THE DOCTOR’S TEA-PARTY.

There is one great advantage attendant upon invitations to tea with a doctor. No objections can be raised on the score of health. It is obvious that it must be fine enough to go out when the Doctor asks you, and that his tea-cakes may be eaten with perfect impunity.

Those tea-cakes were always good; to-night they were utterly delicious; there was a perfect abandon of currants, and the amount of citron peel was enervating to behold. Then the housekeeper waited in awful splendour, and yet the Doctor’s authority over her seemed as absolute as if he were an Eastern despot. Deordie must be excused for believing in the charms of living alone. It certainly has its advantages. The limited sphere of duty conduces to discipline in the household, demand does not exceed supply in the article of waiting, and there is not that general scrimmage of conflicting interests which besets a large family in the most favoured circumstances. The housekeeper waits in black silk, and looks as if she had no meaner occupation than to sit in a rocking-chair, and dream of damson cheese.

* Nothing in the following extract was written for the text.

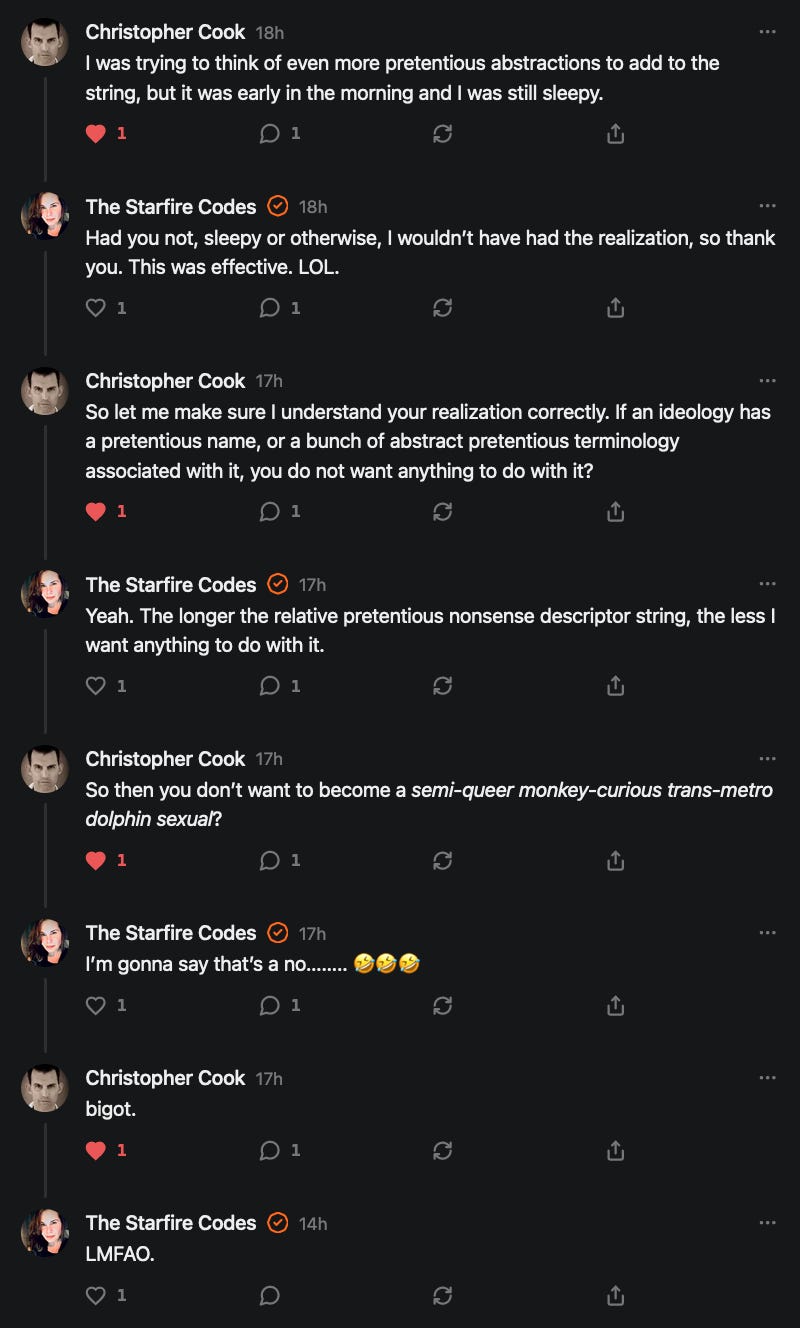 Conversely, when they see something they like, they glom onto it with a deep emotional fervor that turns the person relaying the information into a guru or the ideology they have imparted into their latest -ism that they want so desperately to leg-hump to death, even if, as is the case with Land, they don’t see the forest for the trees enough to understand that the guy literally wants humanity to die. And I want to stay as far away from that kind of blind guru and ideology worshiping behavior as humanly possible. But that’s how most people are. Conundrum.

Rustling, hospitable, and subservient, this one retired at last, and–

“Now,” said the Doctor, “for the verandah; and to look at the moon.”

The company adjourned with a rush, the rear being brought up by the poodle, who seemed quite used to the proceedings; and there under the verandah, framed with passion-flowers and geraniums, the Doctor had gathered mats, rugs, cushions, and arm-chairs, for the party; while far up in the sky, a yellow-faced harvest moon looked down in awful benignity.

“Now!” said the Doctor. “Take your seats. Ladies first, and gentlemen afterwards. Mary and Tiny, race for the American rocking-chair. Well done! Of course it will hold both. Now, boys, shake down. No one is to sit on the stone, or put his feet on the grass: and when you’re ready, I’ll begin.”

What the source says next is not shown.